**What you have to do:** Beginning with the line that contains "Hun går en super", reproduce the remaining lines of the material exactly, up to and including the last one, but no pictures.

**Stored data:**
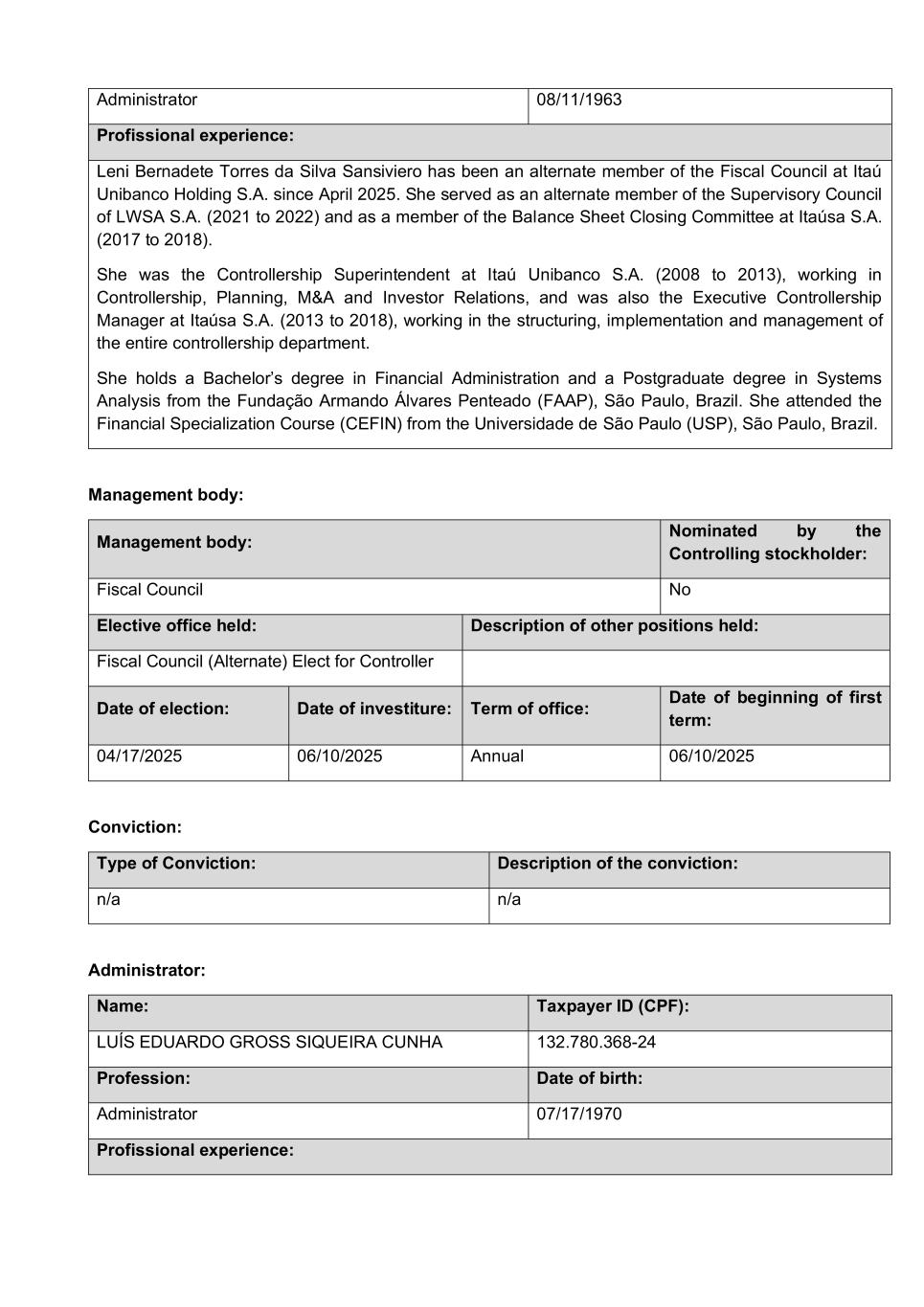 Administrator 08/11/1963 Profissional experience: Leni Bernadete Torres da Silva Sansiviero has been an alternate member of the Fiscal Council at Itaú Unibanco Holding S.A. since April 2025. She served as an alternate member of the Supervisory Council of LWSA S.A. (2021 to 2022) and as a member of the Balance Sheet Closing Committee at Itaúsa S.A. (2017 to 2018). She was the Controllership Superintendent at Itaú Unibanco S.A. (2008 to 2013), working in Controllership, Planning, M&A and Investor Relations, and was also the Executive Controllership Manager at Itaúsa S.A. (2013 to 2018), working in the structuring, implementation and management of the entire controllership department. She holds a Bachelor’s degree in Financial Administration and a Postgraduate degree in Systems Analysis from the Fundação Armando Álvares Penteado (FAAP), São Paulo, Brazil. She attended the Financial Specialization Course (CEFIN) from the Universidade de São Paulo (USP), São Paulo, Brazil. Management body: Management body: Nominated by the Controlling stockholder: Fiscal Council No Elective office held: Description of other positions held: Fiscal Council (Alternate) Elect for Controller Date of election: Date of investiture: Term of office: Date of beginning of first term: 04/17/2025 06/10/2025 Annual 06/10/2025 Conviction: Type of Conviction: Description of the conviction: n/a n/a Administrator: Name: Taxpayer ID (CPF): LUÍS EDUARDO GROSS SIQUEIRA CUNHA 132.780.368-24 Profession: Date of birth: Administrator 07/17/1970 Profissional experience:
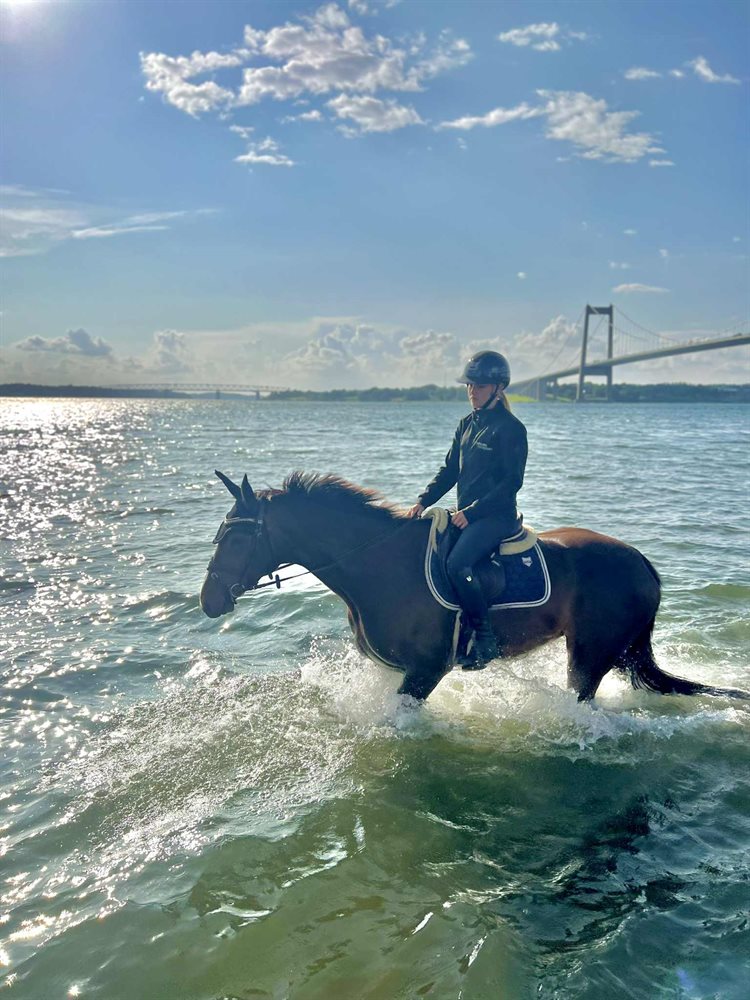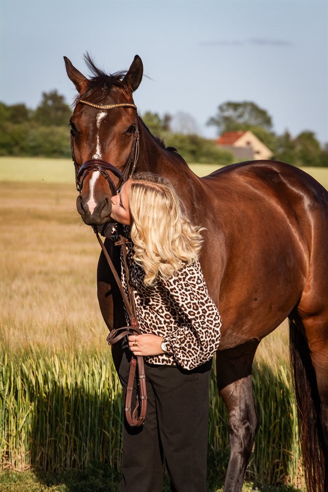 Hun går en super fin dressur men har desværre sagt fra på spring delen. Men tager stadig gerne et lille hop en gang i mellem.
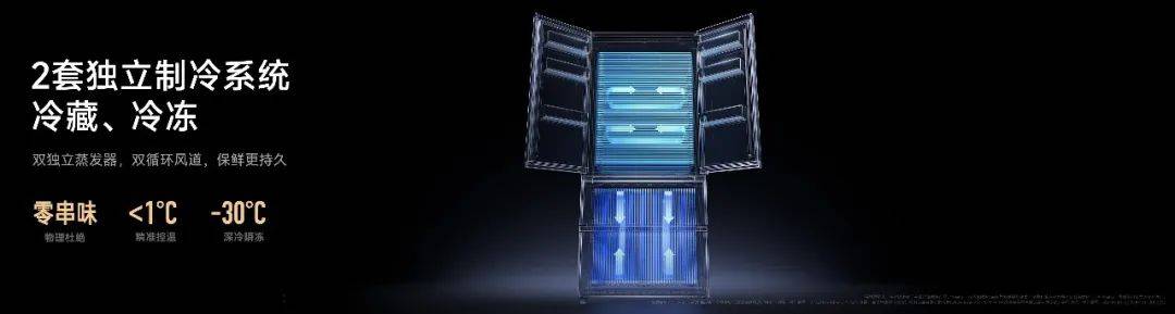 最后,这款法式冰箱还支持双系统配置,冷藏、冷冻搭载了两套制冷系统,能做到食材互不串味,控温更精准。

**Response below:**
 Hun går en super fin dressur men har desværre sagt fra på spring delen. Men tager stadig gerne et lille hop en gang i mellem.
 最后,这款法式冰箱还支持双系统配置,冷藏、冷冻搭载了两套制冷系统,能做到食材互不串味,控温更精准。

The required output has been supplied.